#### PROBLEM TO SOLVE
Please give back word for word the lines of the material below between the line containing "Gambar 2. 6" and the line containing "写真1 パリ広場 写真2 山本商店前 写真3 佃公園", inclusive.

[SUPPLIED INFORMATION — start]

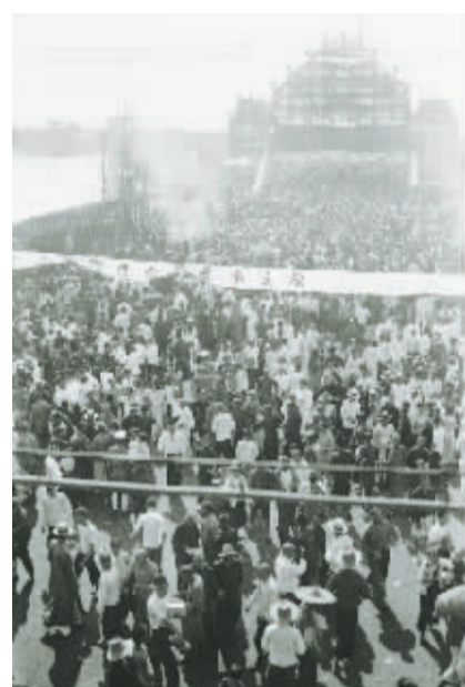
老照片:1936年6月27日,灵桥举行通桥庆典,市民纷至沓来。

[SUPPLIED INFORMATION — finish]
[SUPPLIED INFORMATION — start]

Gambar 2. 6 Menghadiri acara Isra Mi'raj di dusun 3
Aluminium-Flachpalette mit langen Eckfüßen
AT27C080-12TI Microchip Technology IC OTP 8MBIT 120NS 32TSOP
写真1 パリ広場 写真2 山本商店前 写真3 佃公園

[SUPPLIED INFORMATION — finish]

#### EXERCISE RESULT
Gambar 2. 6 Menghadiri acara Isra Mi'raj di dusun 3
Aluminium-Flachpalette mit langen Eckfüßen
AT27C080-12TI Microchip Technology IC OTP 8MBIT 120NS 32TSOP
写真1 パリ広場 写真2 山本商店前 写真3 佃公園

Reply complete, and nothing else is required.